§ Aim of the task
Return the data below in full and exactly, except that the pictures are dropped.

§ Source material
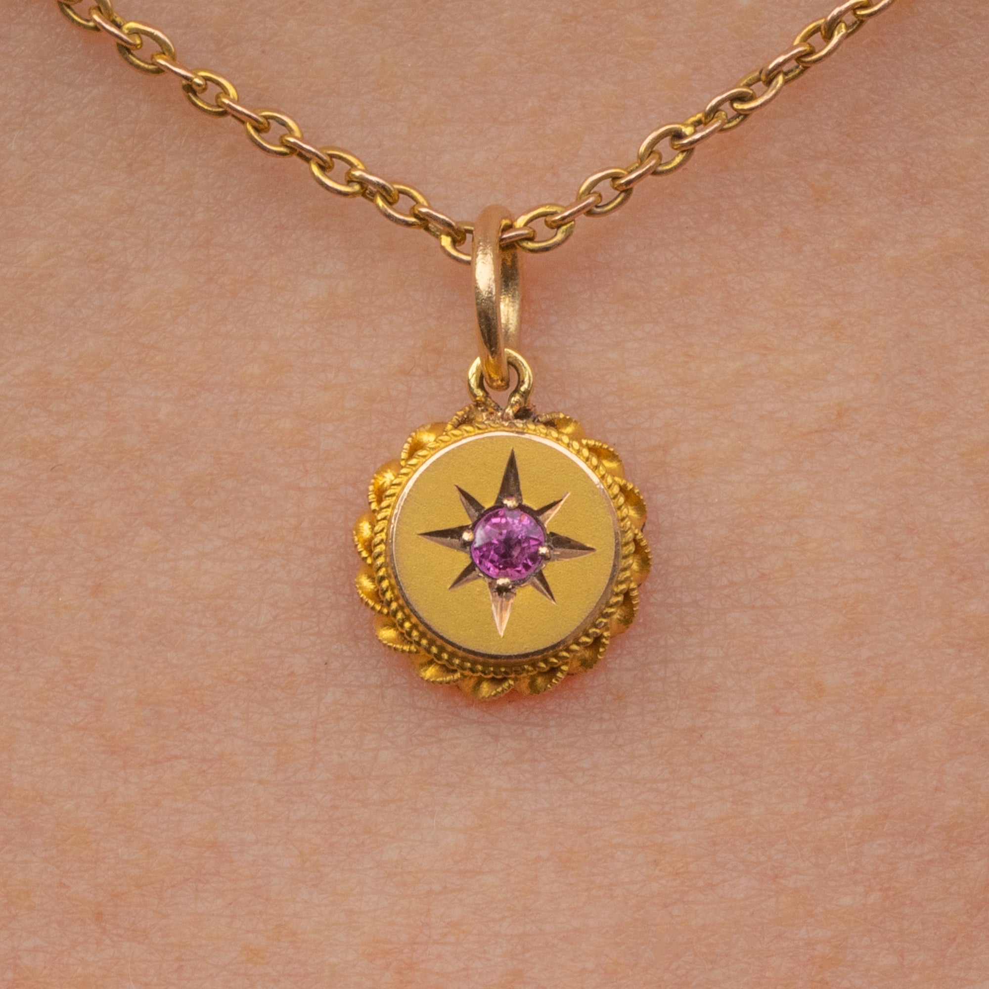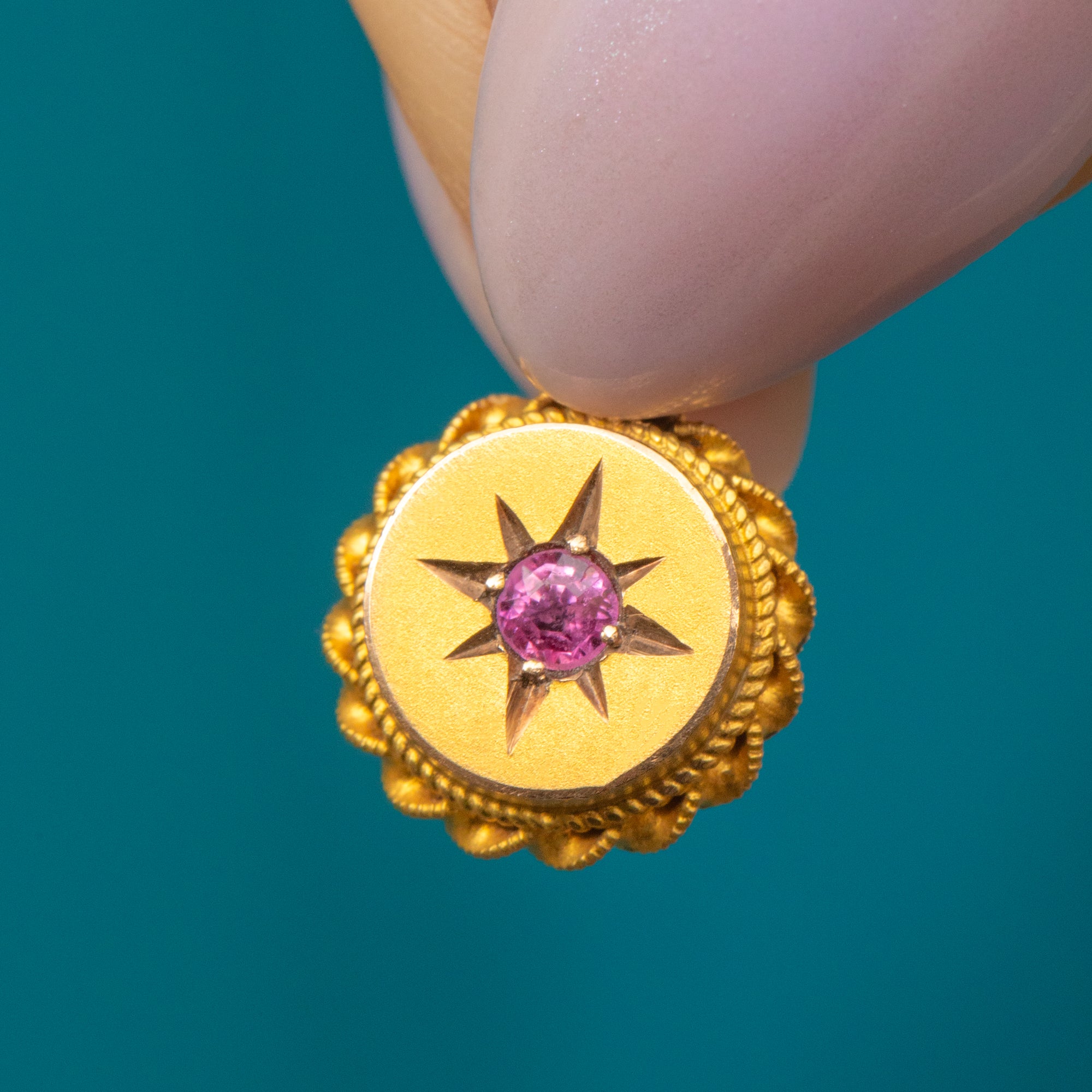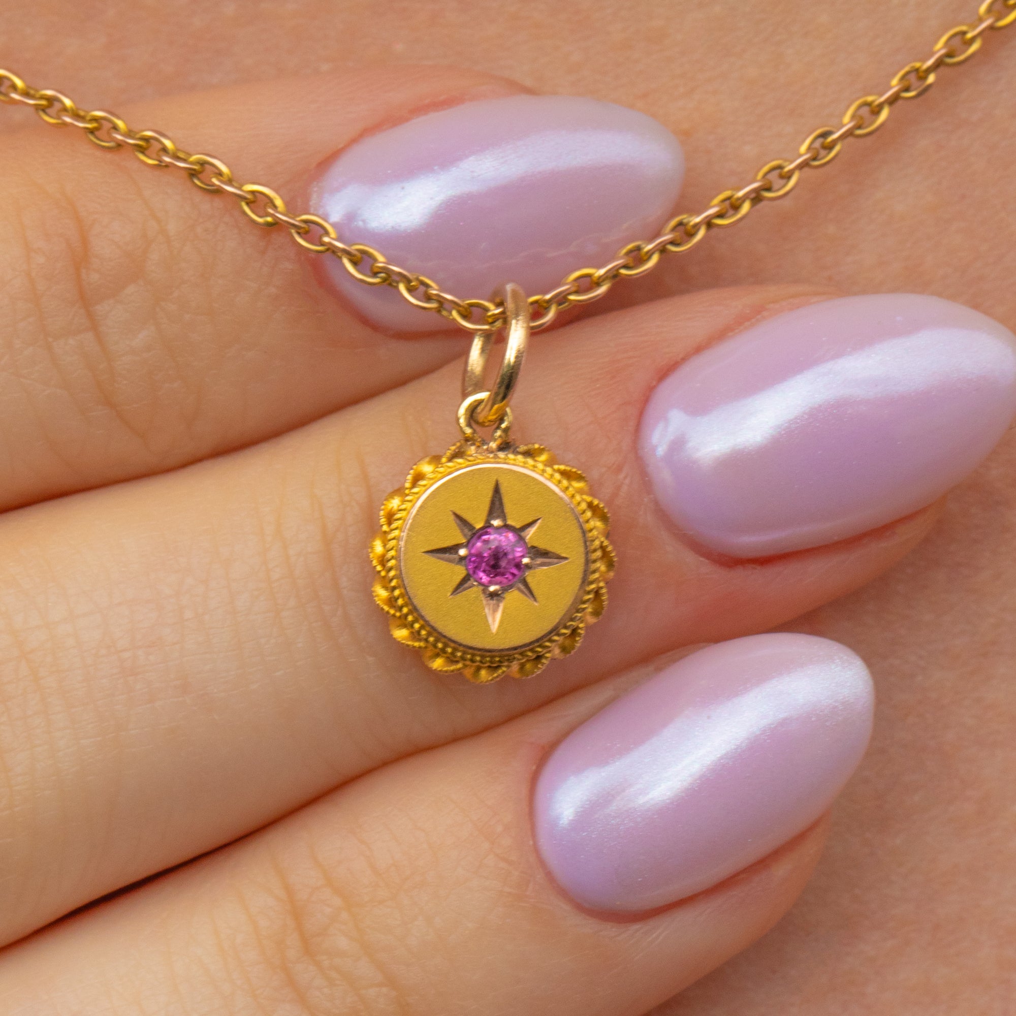 Her Ruby is displayed within a celestial star setting haloed by a double layer of twisted rope following her circumference. This Victorian Ruby charm is a delicate delight and perfect for everyday wear, she will make a lovely addition to your antique jewellery collection!
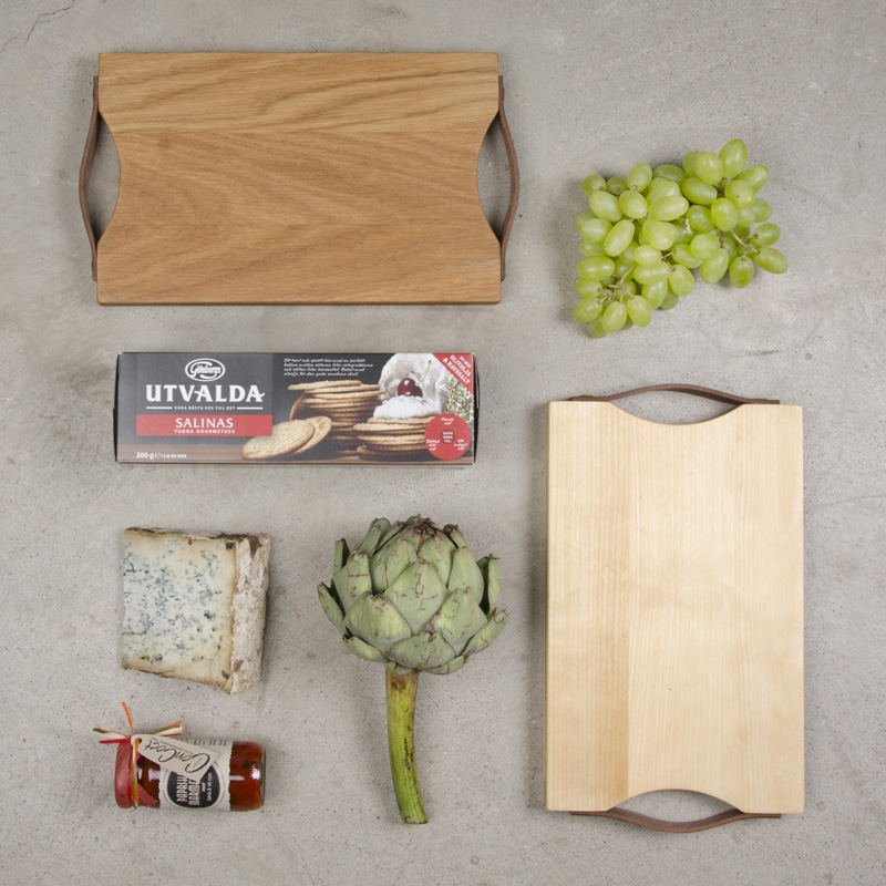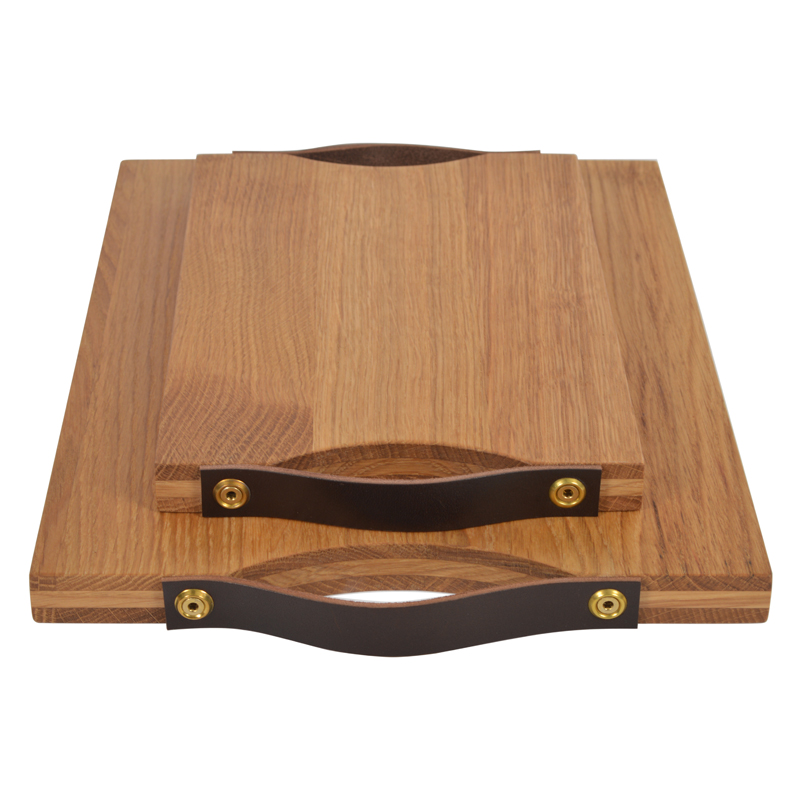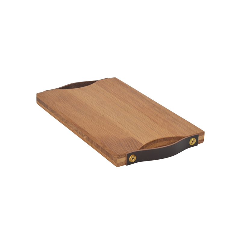 Skärbrädan har praktiska läderhandtag som gör den lätt att bära med sig. Du kan enkelt vända på skärbrädan och använda båda sidorna när du lagar mat. Skärbrädan kan även användas som serveringsbricka för t.ex. ostar, kallskuret eller frukt. Tillverkad i massiv ek i tre skikt vilket gör att den håller formen bättre. Perfekt för dagligt bruk. Skärbrädan är inoljad med en livsmedelssäker olja.
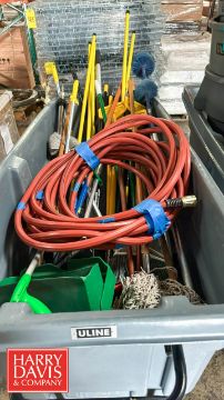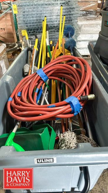 (2) Uline 1,200 LB Capacity Tilt Truck, Model: H-4186GR, S/N: 1902737 with Mop, Mop Handles, Brooms, Dustpans, Hose and Spill Kit Bin

§ Response box
 Her Ruby is displayed within a celestial star setting haloed by a double layer of twisted rope following her circumference. This Victorian Ruby charm is a delicate delight and perfect for everyday wear, she will make a lovely addition to your antique jewellery collection!
 Skärbrädan har praktiska läderhandtag som gör den lätt att bära med sig. Du kan enkelt vända på skärbrädan och använda båda sidorna när du lagar mat. Skärbrädan kan även användas som serveringsbricka för t.ex. ostar, kallskuret eller frukt. Tillverkad i massiv ek i tre skikt vilket gör att den håller formen bättre. Perfekt för dagligt bruk. Skärbrädan är inoljad med en livsmedelssäker olja.
 (2) Uline 1,200 LB Capacity Tilt Truck, Model: H-4186GR, S/N: 1902737 with Mop, Mop Handles, Brooms, Dustpans, Hose and Spill Kit Bin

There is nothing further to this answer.